The Muncipal Corporations of Vijayawada and Visakhapatnam are promoting bicycle use in an effort to reduce vehicular pollution and traffic congestion. Visakhapatnam has apparently introduced 'no motor vehicle' zones across 20 km of roads and plans to earmark cycling tracks on 100-feet roads to a width of about 8 feet in the central parts of the city. While these are laudable social and communitarian initiatives, its economic, and even environmental, benefits are questionable.
Here are a few observations
1. Bicycle use can reduce pollution and traffic congestion only if they displace other modes of transport in significant numbers. It is inconceivable, given Indian conditions, that car users will switch to bicycles, except maybe in small enclaves. Given the large commute distances involved, motorbike users are also likely to stay on with their vehicles. The sheer volume of road users in the larger Indian cities means that the impact on public transport due to bicycle users may be minimal.
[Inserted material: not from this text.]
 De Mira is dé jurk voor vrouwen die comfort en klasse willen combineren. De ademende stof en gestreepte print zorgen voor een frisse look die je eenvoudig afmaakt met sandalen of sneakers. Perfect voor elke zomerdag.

2. While bicycles will certainly take that many people away from public transport (and to that extent reduce the demand for public transport), I am not sure whether it necessarily reduces traffic congestion nor is economically more efficient. For sure bicycles do not suffer from carbon emissions. But they take up more road space than public transport. If you have any doubt see this. Further, since bicycle commuters spend more time on roads than those using public transport over the same distance, the effective road space usage by bicycle users is much larger.
3. It is on grounds of economic efficiency that bicycles fail most glaringly, especially for Indian conditions. Most of the larger Indian cities are pretty expansive compared to the mid-sized European cities where bicycles are popular. Average commute distances are large enough to make bicycling unattractive. Weather is pretty harsh for most part of the year. In the circumstances, commuting to work, as opposed to taking public transport, increases the unproductive time spent on the road and takes its toll on productivity.
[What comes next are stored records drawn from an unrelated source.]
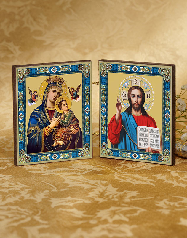 This attractive and affordable hinged diptych will make a lovely addition to your desk, library shelves, or to accompany you in your travels. Featuring classic icons of Our Lady of Perpetual Help and Christ the Teacher, set in a colorful blue ornamental border. Wooden icon with embossed gold-foil ornamentation. 3 in x 5 1/4 in (when open). Set of 4 diptychs.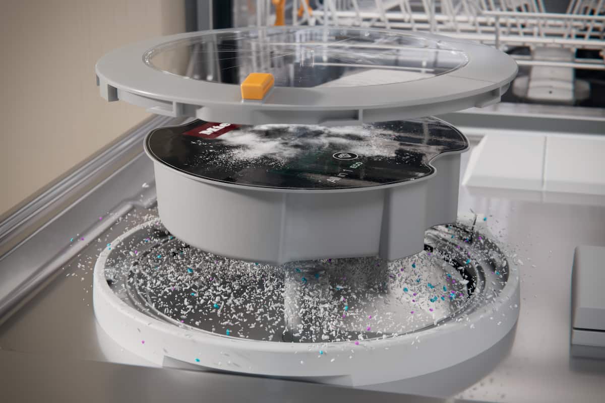 For around one month, you won’t have to worry about your dishwasher having sufficient detergent whenever you start a programme, as the innovative dispensing technology with PowerDisk contains enough powder granulate for an average of 20 dishwashing programmes (in the Normal 60 °C programme). This gives you a new kind of freedom.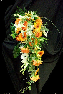 A Shower bouquet with Orange Gerbera, Orange Roses and Dendrobian Orchids.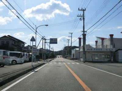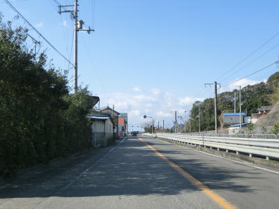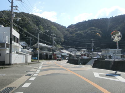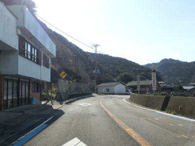| 道の駅の1km手前からは前方に複数のリゾートマンションが見えてくる。左にカーブしながら勾配を下ると朝来帰集落を通り抜ける。漁港に面した集落で海抜は5.4mと決して低くはないが津波注意区間となっている。 | ||

4. Earmarked bicycle lanes involve a trade-off on road space. That much road space becomes unavailable for all the other modes of transport. Any such earmarking can be effective only if we are able to displace enough motor vehicles (by making them switch over to bicycles) to make up for the loss in road space to bicycle lanes. However, as the aforementioned arguements suggest, this may not happen. In any case, given that most roads are narrow in our cities, it may not be practical to do such ear-marking in any meaningful scale.
In fact, if all the aforementioned assumptions hold true, then earmarked bicycle lanes would end up worsening traffic congestion. The effective road space usage per commuter will be higher with bicycle users. Average speeds will be reduced and fuel consumption will increase. Contrary to conventional wisdom, vehicular pollution will increase.
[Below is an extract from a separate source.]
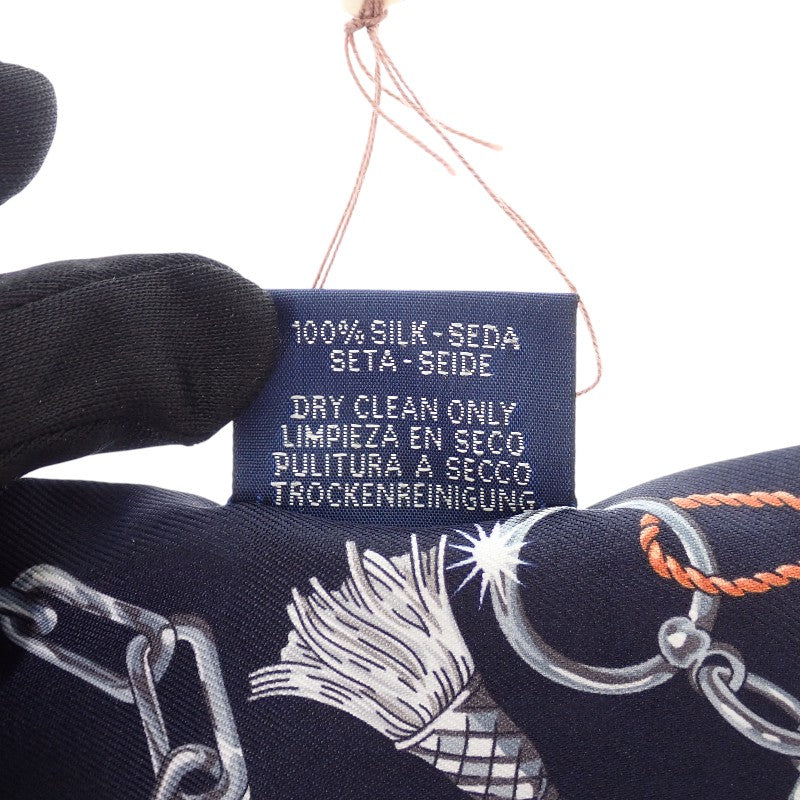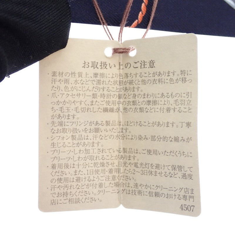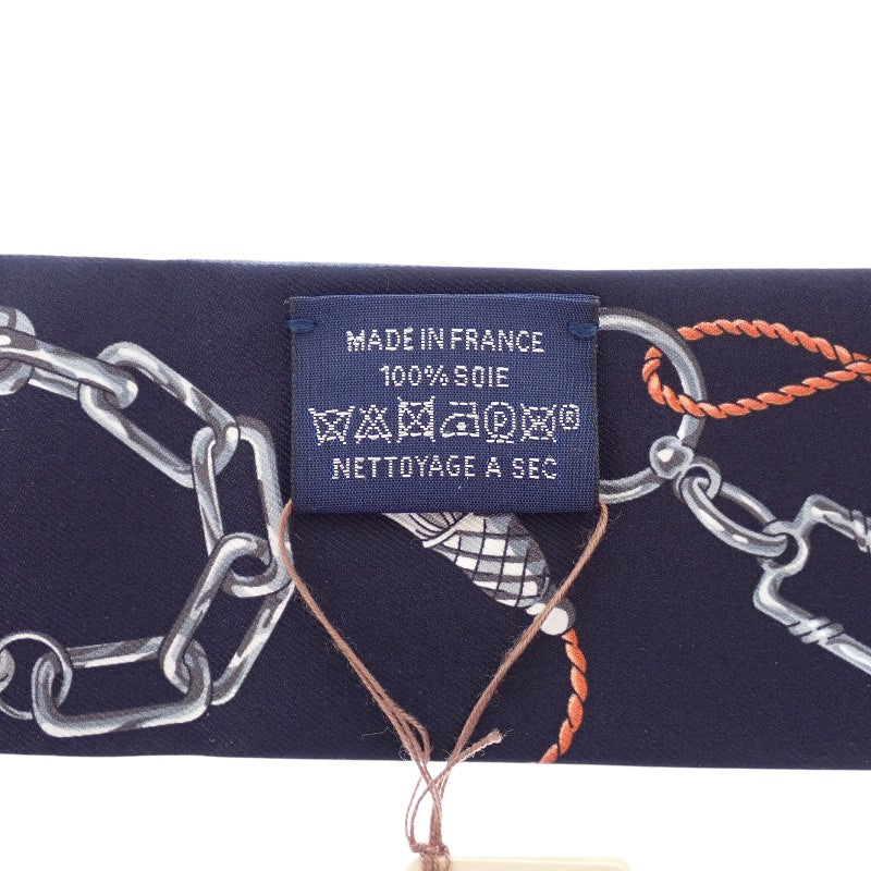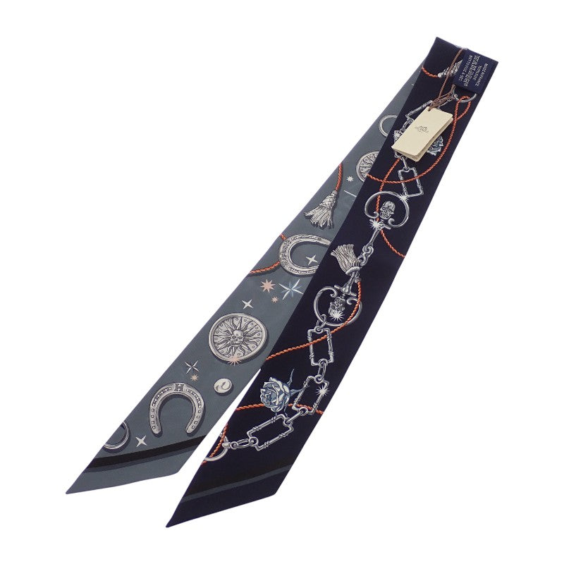 シックなグレーとネイビーを基調に、ホースシューやタッセルが華やかに描かれた印象的な一本です。シルク100%素材ならではのなめらかな質感と上品な光沢が装いを格上げしてくれます。細長いフォルムはアレンジ自在で、コーディネートに軽やかな動きとアクセントを添えます。

5. Bicycle lanes and promotional activities cannot succeed in a piecemeal manner over small road stretches. If the commuter has to travel the major length of his daily commute to work on mixed traffic, the marginal utility of any limited earmarking is likely to be minimal. However, it is possible that there are small stretches or surroundings which enclose both people's homes and their workplaces.
6. There is also the issue of traffic discipline and enforceability of bicycle lanes. In a country where regular motor vehicle lane driving and traffic discipline is the exception than norm, it may be a nightmare to enforce bicycle lanes. Unless there are physical barriers, it may not be possible to even keep motor vehicles out of these lanes. Similar lack of discipline among bicycle users could end up increasing accidents and lowering traffic speeds.
7. Finally, bicycle promotional policies should not be confused with pedestrianization programs. There is a compelling case for making certain areas, especially commercial and shopping centers, in many cities "motor vehicle free zones" for certain time periods daily, atleast during the night. Similar restrictions can be imposed on river and seaside roads so as to improve the quality of leisure environments. Bicycle usage promotion could go hand in hand with such pedestrianization programs. However, such programs are most likely to be predominantly pedestrianization programs where bicycle usage happens to be an incidental benefit.
I strongly believe that urban policy makers should instead spend their scarce energies and resources on improving transport infrastructure and public transport facilities.